35. Mr Harrison has submitted that the appellant can return to Pakistan (with or without Ms Allen) and make an application for entry clearance. He would not have to meet the financial requirements and Ms Allen owns her accommodation. However, Sales LJ made clear at paragraph [31] of Agyarko that-
"It is possible to envisage a Chikwamba type case arising in which Article 8 might require that leave to remain be granted outside the Rules, even though it could not be said that there were insurmountable obstacles to the applicant and their spouse or partner continuing their family life overseas.
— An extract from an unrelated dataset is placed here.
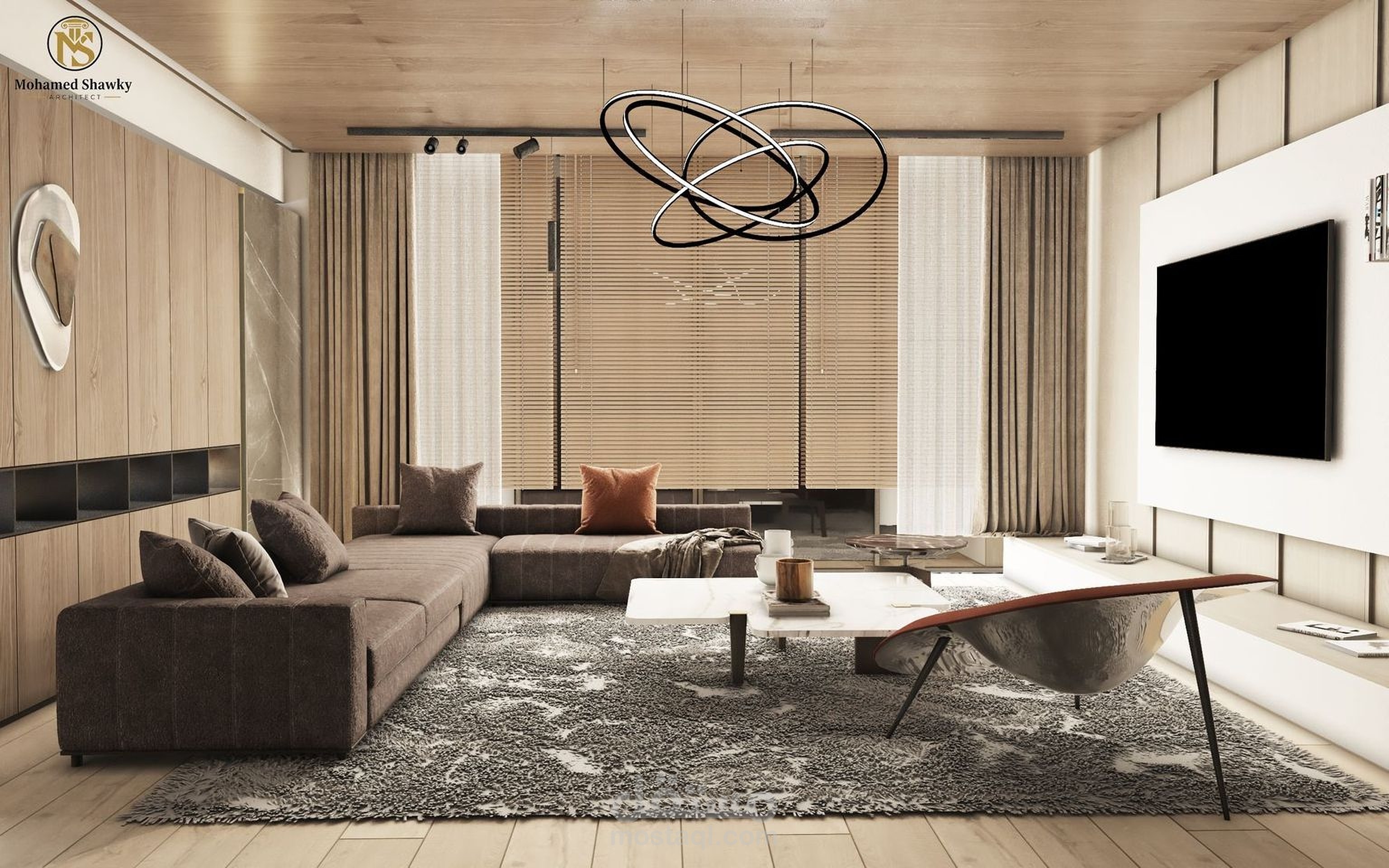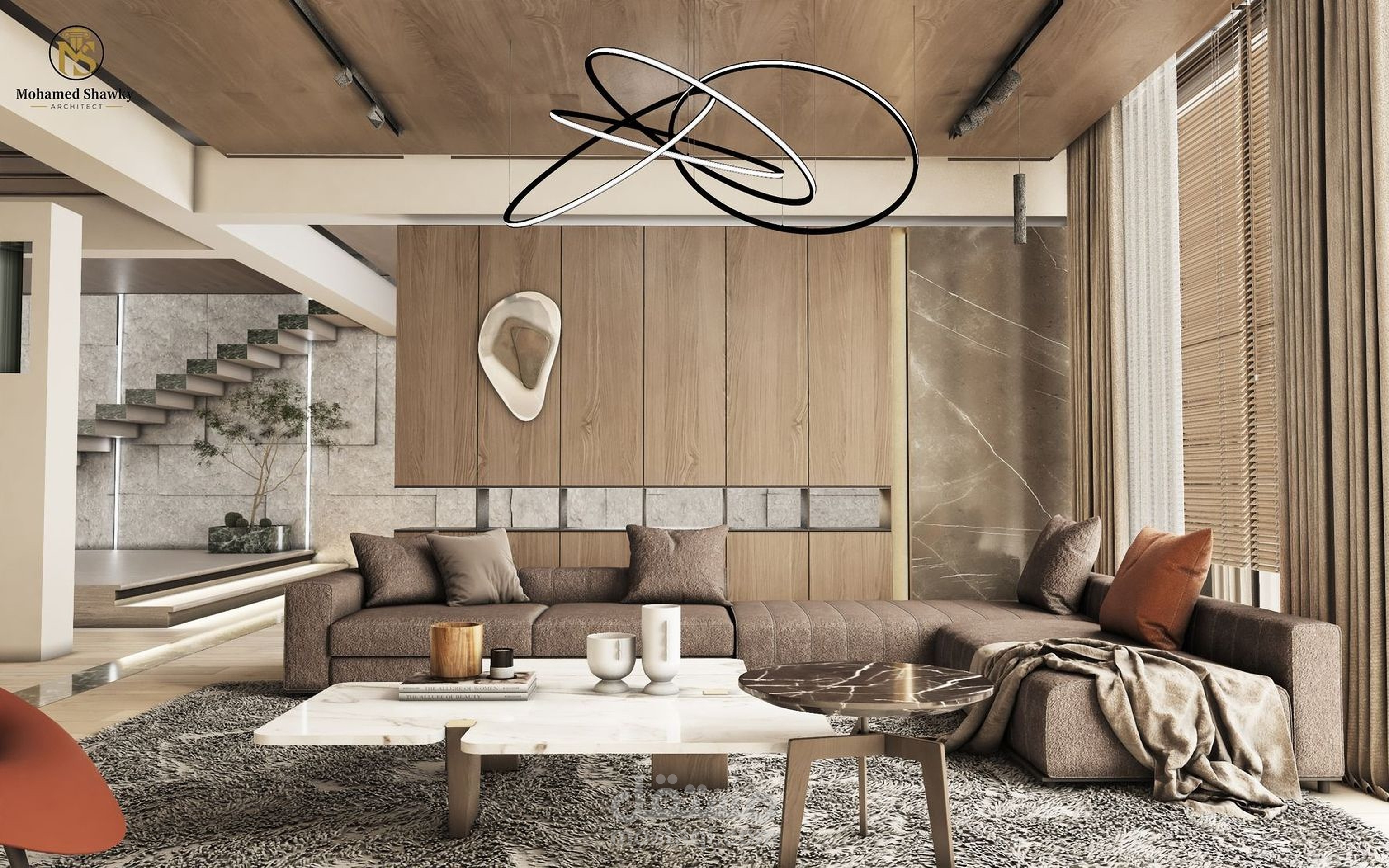 تصميم مساحة معيشة عصرية يركز على تحقيق توازن بين الألوان الدافئة والخامات الطبيعية، مع إبراز التفاصيل الخشبية والإضاءة الهادئة لخلق أجواء مريحة وأنيقة. تم التركيز على الانسجام بين الأثاث، الإضاءة، والمواد لتحقيق فراغ عملي بلمسة فاخرة.

But in a case involving precarious family life, it would be necessary to establish that there were exceptional circumstances to warrant such a conclusion"
36. None of the evidence placed before me amounts to exceptional circumstances having regard to the full facts of the case.
37. In those circumstances and having considered all of the above factors I find it would not be disproportionate to require the appellant to leave the United Kingdom and the appellant's appeal therefore fails.
DECISION
38. There was a material error in respect of the Article 8 ECHR decision for the reasons previously found and I have remade that decision and I dismiss the appeal under Article 8 ECHR. I have previously upheld the dismissal of the appellant's appeal under the Immigration Rules.



Signed: Dated: 5 August y

Deputy Upper Tribunal Judge Alis




TO THE RESPONDENT
FEE AWARD
I make no fee award for the reasons given by the FtTJ.